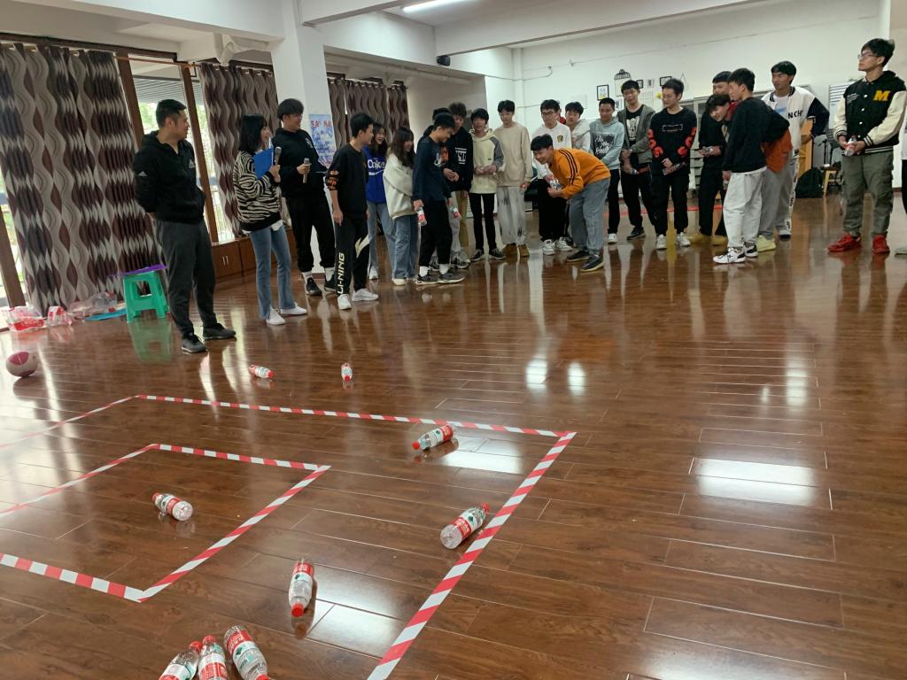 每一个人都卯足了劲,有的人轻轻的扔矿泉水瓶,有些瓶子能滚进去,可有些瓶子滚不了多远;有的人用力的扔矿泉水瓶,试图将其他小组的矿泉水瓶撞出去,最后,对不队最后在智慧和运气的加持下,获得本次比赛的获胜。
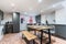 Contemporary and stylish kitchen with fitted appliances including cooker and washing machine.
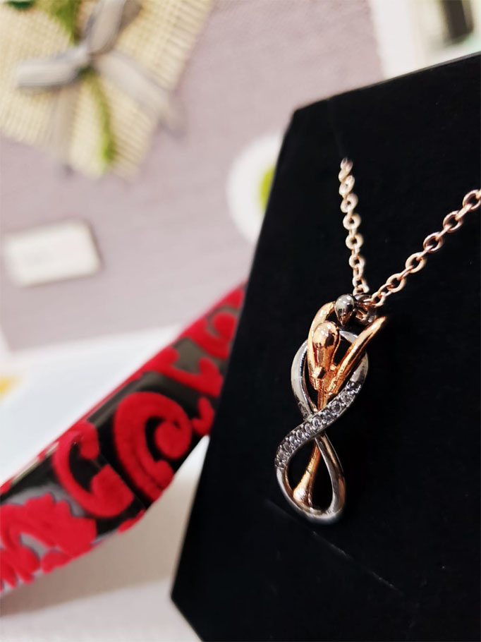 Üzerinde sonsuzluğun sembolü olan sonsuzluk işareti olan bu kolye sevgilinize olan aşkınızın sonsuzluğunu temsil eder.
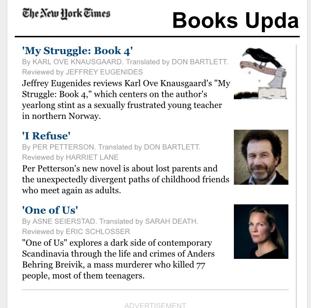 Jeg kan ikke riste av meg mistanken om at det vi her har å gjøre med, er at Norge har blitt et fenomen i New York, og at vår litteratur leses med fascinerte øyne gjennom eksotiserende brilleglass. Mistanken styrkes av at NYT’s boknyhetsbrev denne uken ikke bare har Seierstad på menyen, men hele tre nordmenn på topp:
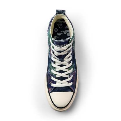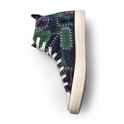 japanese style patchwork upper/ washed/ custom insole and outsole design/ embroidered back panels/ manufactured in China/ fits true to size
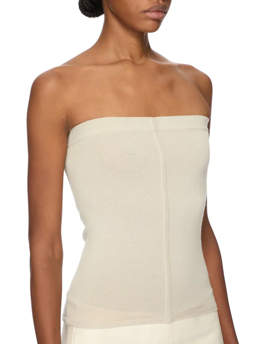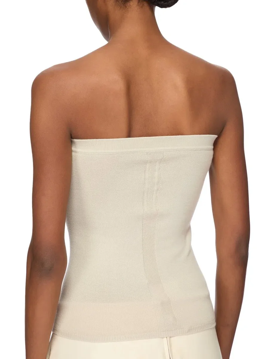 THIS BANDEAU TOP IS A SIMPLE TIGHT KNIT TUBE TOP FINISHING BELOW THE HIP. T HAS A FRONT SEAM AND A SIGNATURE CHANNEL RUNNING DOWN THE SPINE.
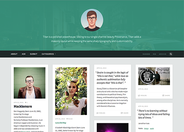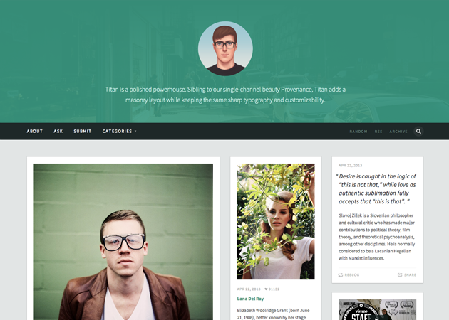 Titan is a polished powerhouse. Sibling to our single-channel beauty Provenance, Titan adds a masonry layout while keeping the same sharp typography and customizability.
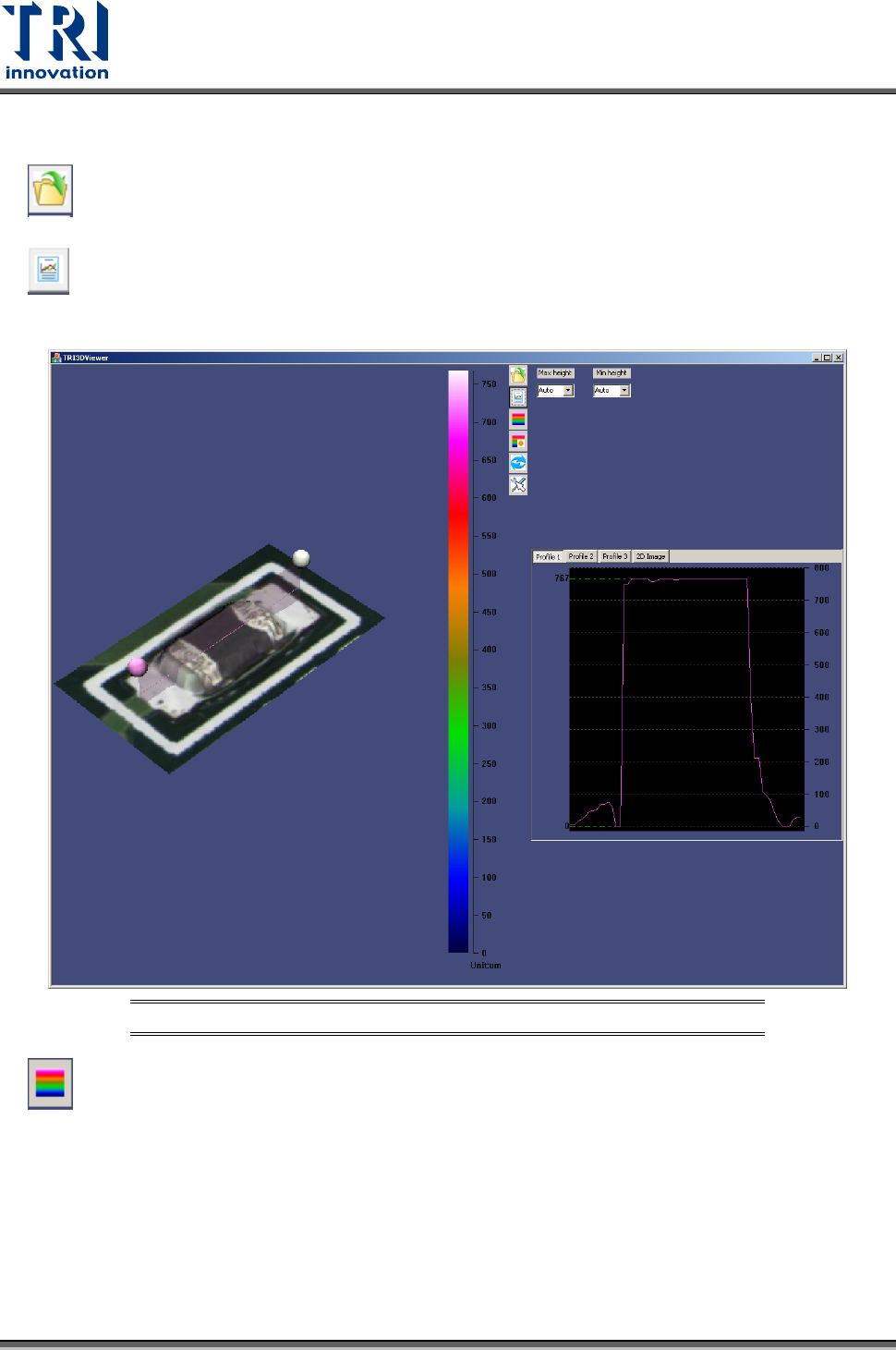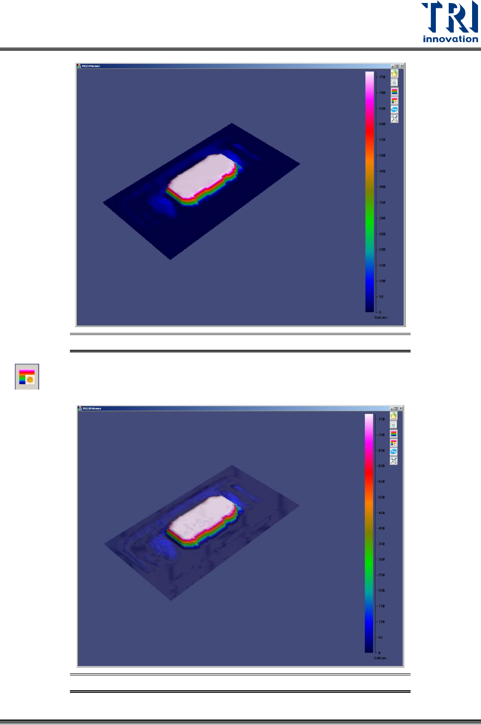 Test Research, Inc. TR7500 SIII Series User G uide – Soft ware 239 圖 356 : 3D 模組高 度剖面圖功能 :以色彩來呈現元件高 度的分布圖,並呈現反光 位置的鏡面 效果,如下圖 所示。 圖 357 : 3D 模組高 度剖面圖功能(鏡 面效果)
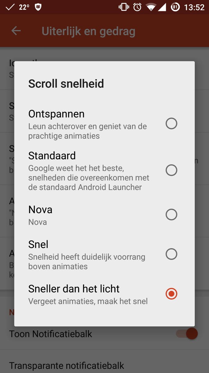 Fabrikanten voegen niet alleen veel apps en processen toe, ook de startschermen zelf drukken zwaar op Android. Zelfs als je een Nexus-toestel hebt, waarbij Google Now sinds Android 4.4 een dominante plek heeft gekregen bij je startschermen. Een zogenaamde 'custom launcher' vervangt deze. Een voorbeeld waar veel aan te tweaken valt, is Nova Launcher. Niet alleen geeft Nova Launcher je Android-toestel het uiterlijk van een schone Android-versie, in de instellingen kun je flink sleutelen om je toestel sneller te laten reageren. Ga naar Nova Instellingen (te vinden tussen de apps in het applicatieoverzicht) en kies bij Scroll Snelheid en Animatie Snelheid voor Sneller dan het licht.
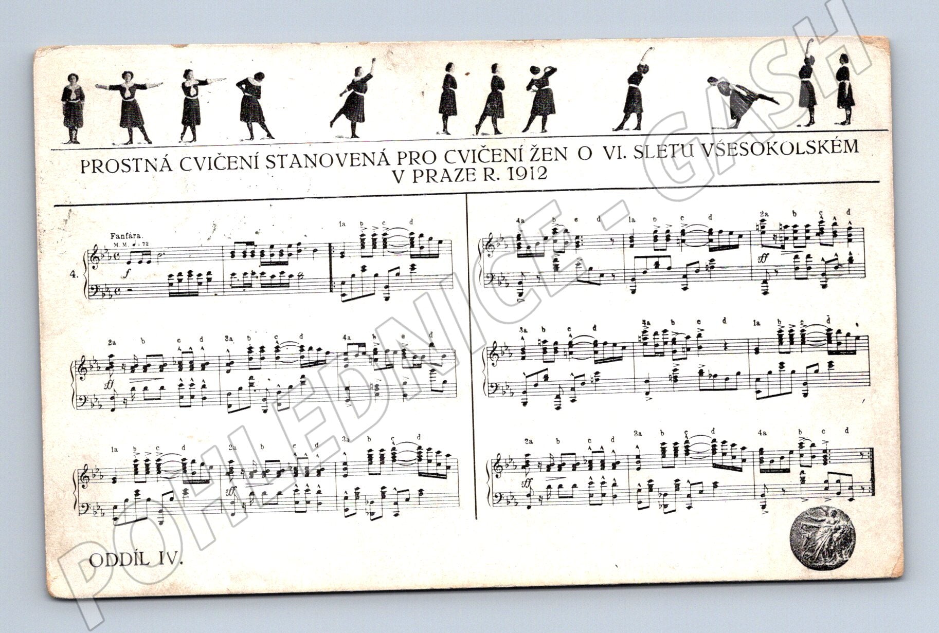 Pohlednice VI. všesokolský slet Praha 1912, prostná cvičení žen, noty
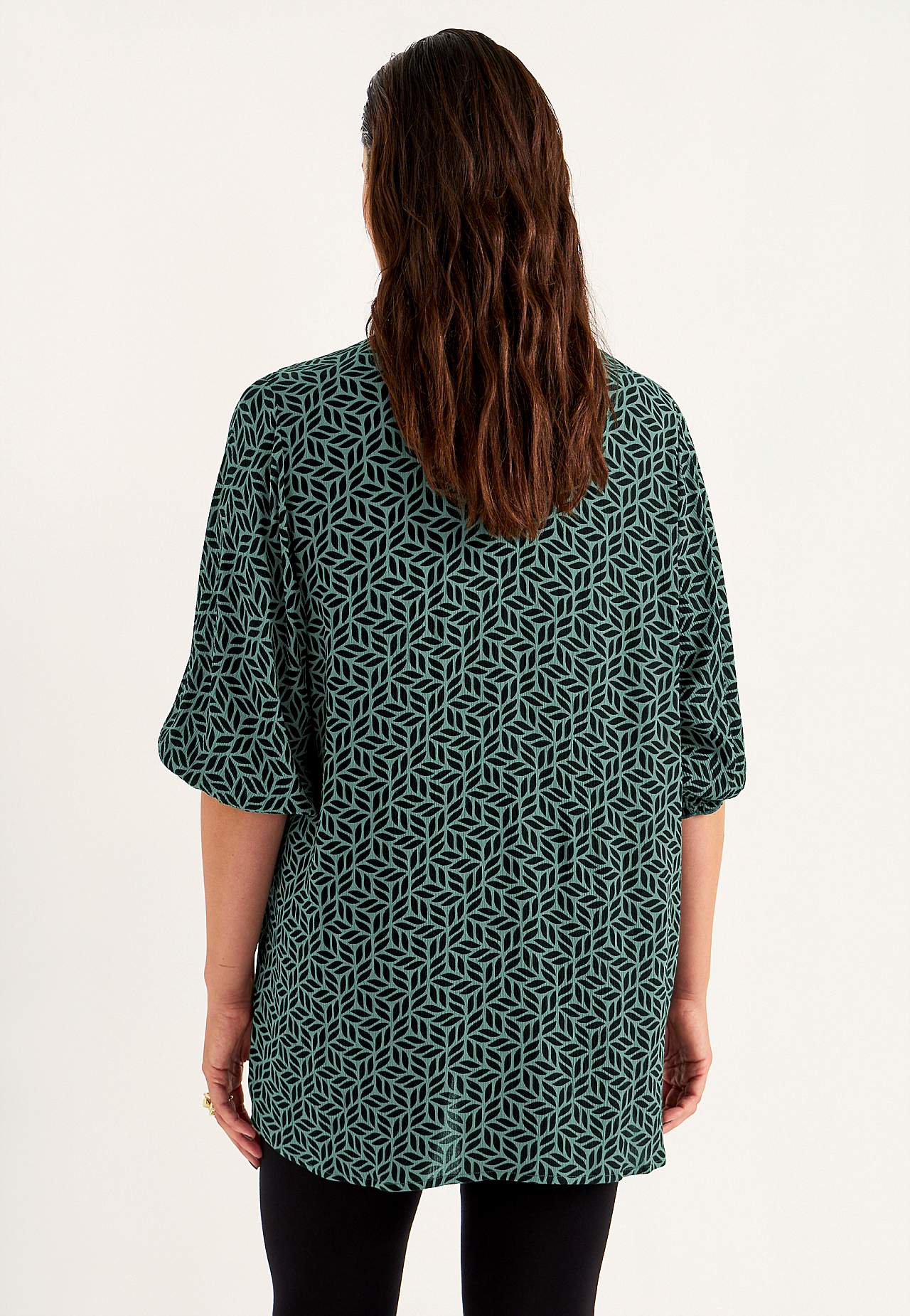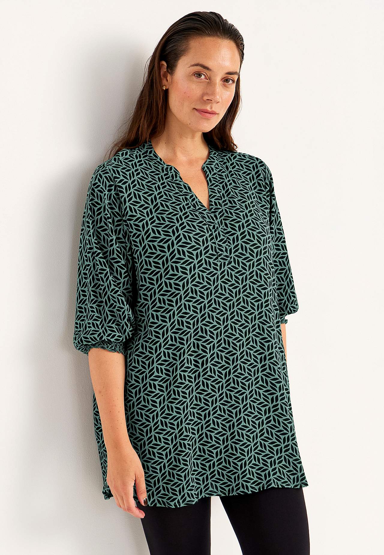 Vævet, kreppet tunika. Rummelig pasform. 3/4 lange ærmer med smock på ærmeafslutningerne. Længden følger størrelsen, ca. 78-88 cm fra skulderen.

■ WHAT IS EXPECTED ■
From the first line above to the line containing "Üzerinde sonsuzluğun sembolü", repeat each line exactly. Pictures stay out.

■ EXPECTED OUTPUT ■
 每一个人都卯足了劲,有的人轻轻的扔矿泉水瓶,有些瓶子能滚进去,可有些瓶子滚不了多远;有的人用力的扔矿泉水瓶,试图将其他小组的矿泉水瓶撞出去,最后,对不队最后在智慧和运气的加持下,获得本次比赛的获胜。
 Contemporary and stylish kitchen with fitted appliances including cooker and washing machine.
 Üzerinde sonsuzluğun sembolü olan sonsuzluk işareti olan bu kolye sevgilinize olan aşkınızın sonsuzluğunu temsil eder.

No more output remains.